• _Required work_:
Using the records below, write out only the lines from the line containing "La Feelworld NDI10X" up to and including the line containing "schneidest Pflastersteine mit", exactly, with no pictures.

• _Excerpted records_:
↓↓↓

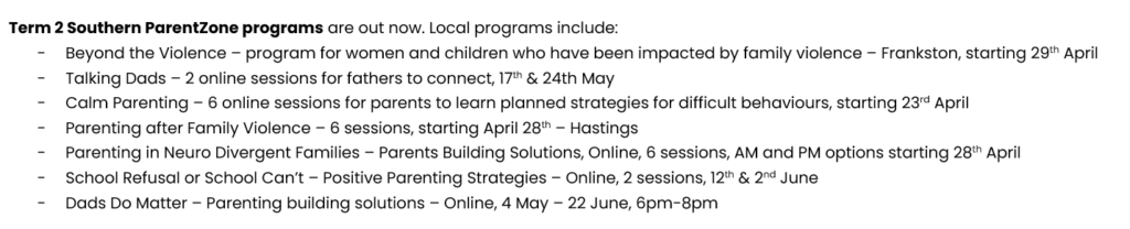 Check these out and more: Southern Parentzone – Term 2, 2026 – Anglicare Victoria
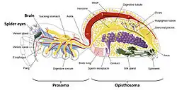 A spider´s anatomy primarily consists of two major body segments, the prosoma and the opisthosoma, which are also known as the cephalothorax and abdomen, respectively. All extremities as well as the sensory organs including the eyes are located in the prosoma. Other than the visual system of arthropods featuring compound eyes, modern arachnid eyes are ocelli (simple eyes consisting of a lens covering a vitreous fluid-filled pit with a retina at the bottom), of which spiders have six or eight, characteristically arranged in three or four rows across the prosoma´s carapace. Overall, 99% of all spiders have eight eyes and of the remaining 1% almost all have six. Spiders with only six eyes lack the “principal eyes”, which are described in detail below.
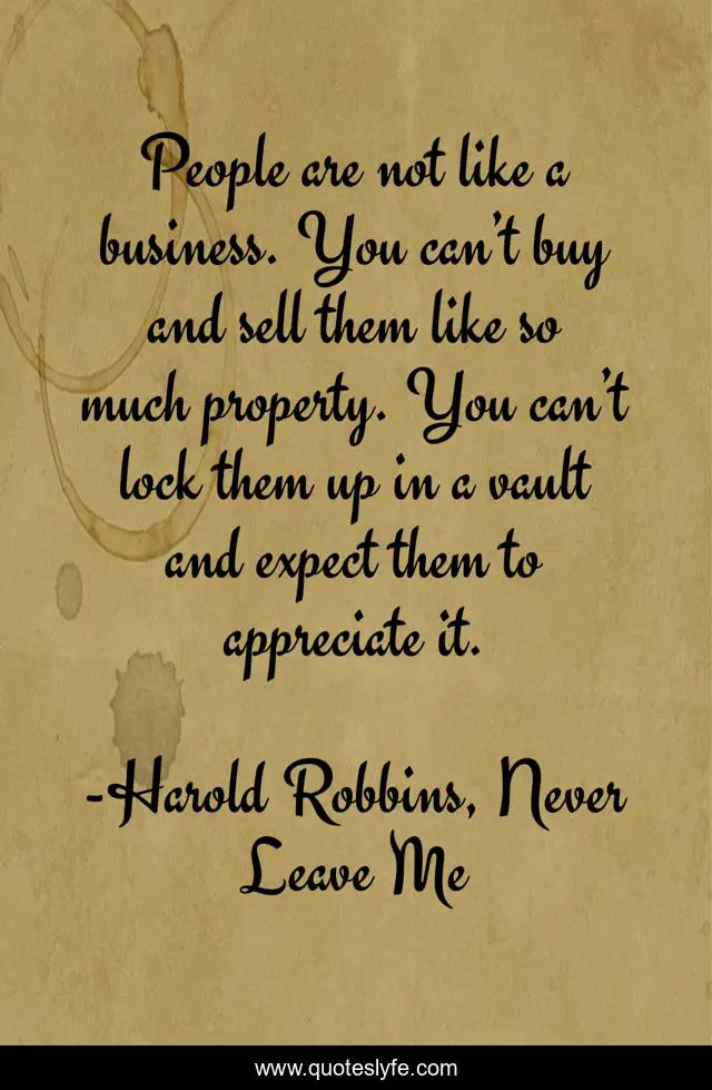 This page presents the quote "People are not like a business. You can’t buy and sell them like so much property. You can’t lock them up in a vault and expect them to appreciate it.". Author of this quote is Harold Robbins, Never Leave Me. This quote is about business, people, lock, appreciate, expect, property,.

↑↑↑
↓↓↓

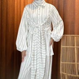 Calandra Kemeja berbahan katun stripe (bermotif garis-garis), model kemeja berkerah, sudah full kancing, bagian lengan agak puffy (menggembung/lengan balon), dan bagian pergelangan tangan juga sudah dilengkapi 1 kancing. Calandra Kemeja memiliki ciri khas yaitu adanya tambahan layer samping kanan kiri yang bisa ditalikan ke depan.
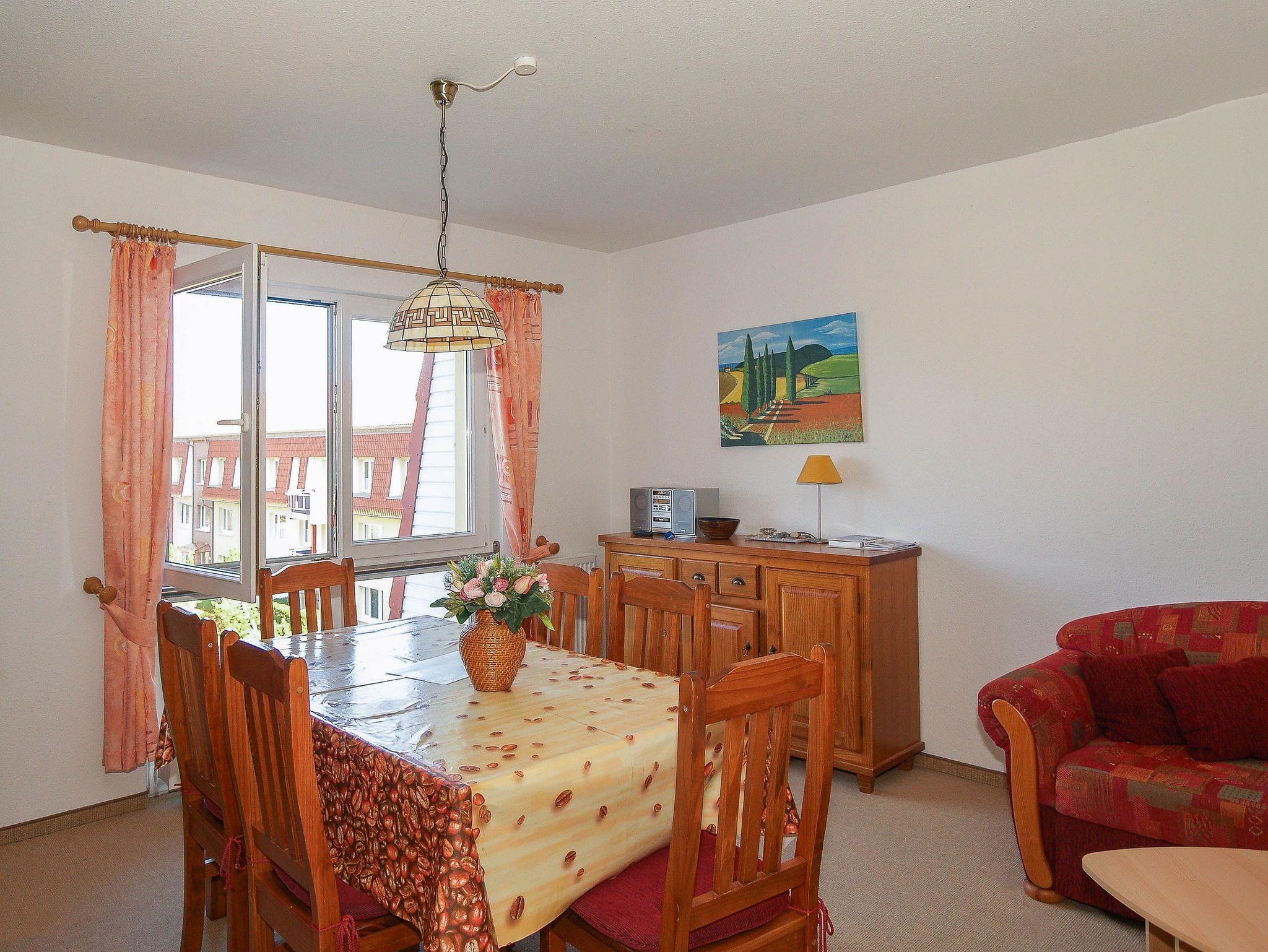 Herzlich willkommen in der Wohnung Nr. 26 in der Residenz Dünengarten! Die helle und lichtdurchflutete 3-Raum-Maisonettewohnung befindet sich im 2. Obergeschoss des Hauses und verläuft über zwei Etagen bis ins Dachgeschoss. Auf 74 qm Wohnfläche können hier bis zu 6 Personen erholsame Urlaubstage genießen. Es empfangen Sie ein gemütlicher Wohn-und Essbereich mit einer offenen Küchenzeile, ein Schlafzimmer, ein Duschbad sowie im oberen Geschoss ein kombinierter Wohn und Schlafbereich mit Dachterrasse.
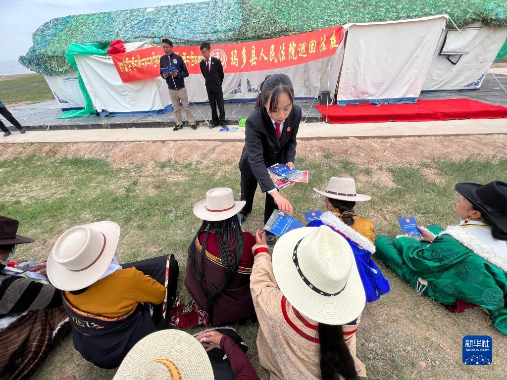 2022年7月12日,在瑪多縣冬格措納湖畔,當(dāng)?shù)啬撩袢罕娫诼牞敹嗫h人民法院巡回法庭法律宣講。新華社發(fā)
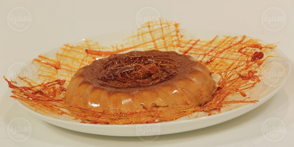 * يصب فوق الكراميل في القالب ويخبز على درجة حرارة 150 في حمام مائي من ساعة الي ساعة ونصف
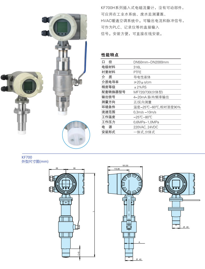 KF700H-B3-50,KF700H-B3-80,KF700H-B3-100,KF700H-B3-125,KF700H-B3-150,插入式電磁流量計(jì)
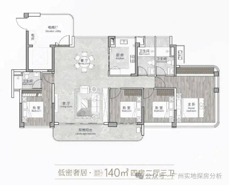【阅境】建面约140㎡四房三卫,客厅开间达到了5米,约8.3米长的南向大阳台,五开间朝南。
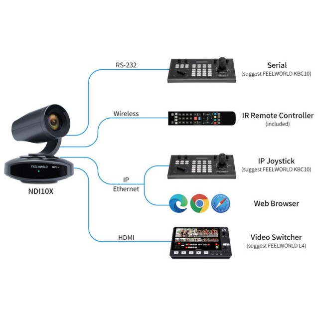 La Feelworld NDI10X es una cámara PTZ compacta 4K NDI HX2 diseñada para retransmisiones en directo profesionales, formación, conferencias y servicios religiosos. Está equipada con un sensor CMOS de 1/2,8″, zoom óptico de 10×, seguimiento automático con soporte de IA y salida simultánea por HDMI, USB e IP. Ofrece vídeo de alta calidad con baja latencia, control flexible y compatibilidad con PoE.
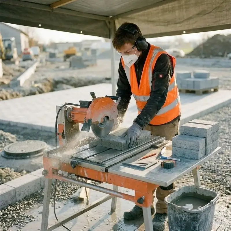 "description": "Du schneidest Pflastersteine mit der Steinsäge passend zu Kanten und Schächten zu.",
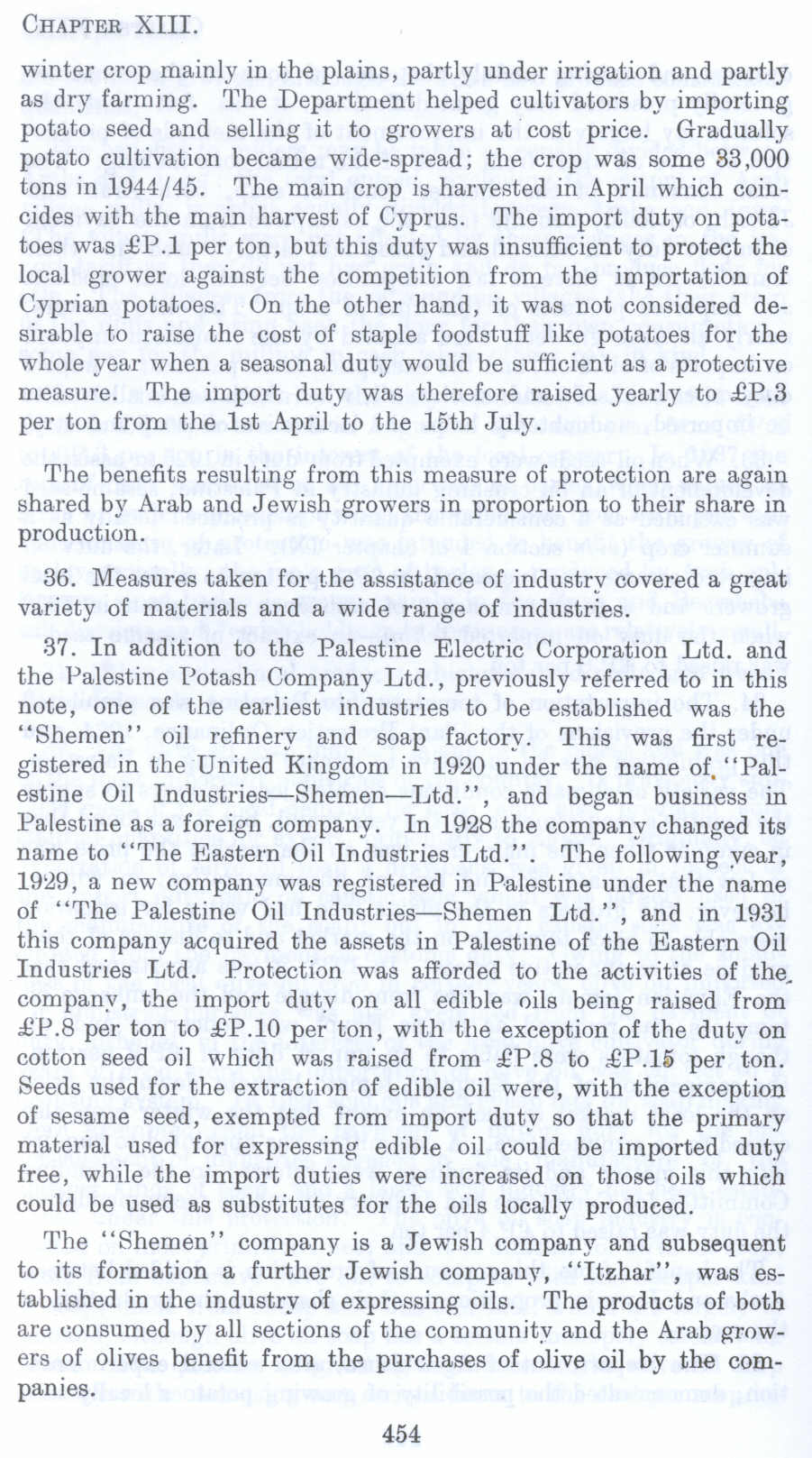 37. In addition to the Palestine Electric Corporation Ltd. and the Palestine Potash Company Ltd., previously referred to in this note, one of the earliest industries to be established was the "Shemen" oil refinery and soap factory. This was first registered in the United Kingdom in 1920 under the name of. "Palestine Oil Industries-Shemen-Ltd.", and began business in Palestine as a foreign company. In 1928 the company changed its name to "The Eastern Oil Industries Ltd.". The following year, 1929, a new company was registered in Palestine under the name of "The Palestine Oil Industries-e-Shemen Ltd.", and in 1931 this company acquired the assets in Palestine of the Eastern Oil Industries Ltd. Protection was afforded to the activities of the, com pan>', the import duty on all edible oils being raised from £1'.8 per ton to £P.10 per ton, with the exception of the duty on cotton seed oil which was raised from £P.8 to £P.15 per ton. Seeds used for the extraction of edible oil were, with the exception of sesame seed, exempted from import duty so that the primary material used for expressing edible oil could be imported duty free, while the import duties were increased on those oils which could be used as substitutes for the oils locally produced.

↑↑↑

• _Exercise answer_:
 La Feelworld NDI10X es una cámara PTZ compacta 4K NDI HX2 diseñada para retransmisiones en directo profesionales, formación, conferencias y servicios religiosos. Está equipada con un sensor CMOS de 1/2,8″, zoom óptico de 10×, seguimiento automático con soporte de IA y salida simultánea por HDMI, USB e IP. Ofrece vídeo de alta calidad con baja latencia, control flexible y compatibilidad con PoE.
 "description": "Du schneidest Pflastersteine mit der Steinsäge passend zu Kanten und Schächten zu.",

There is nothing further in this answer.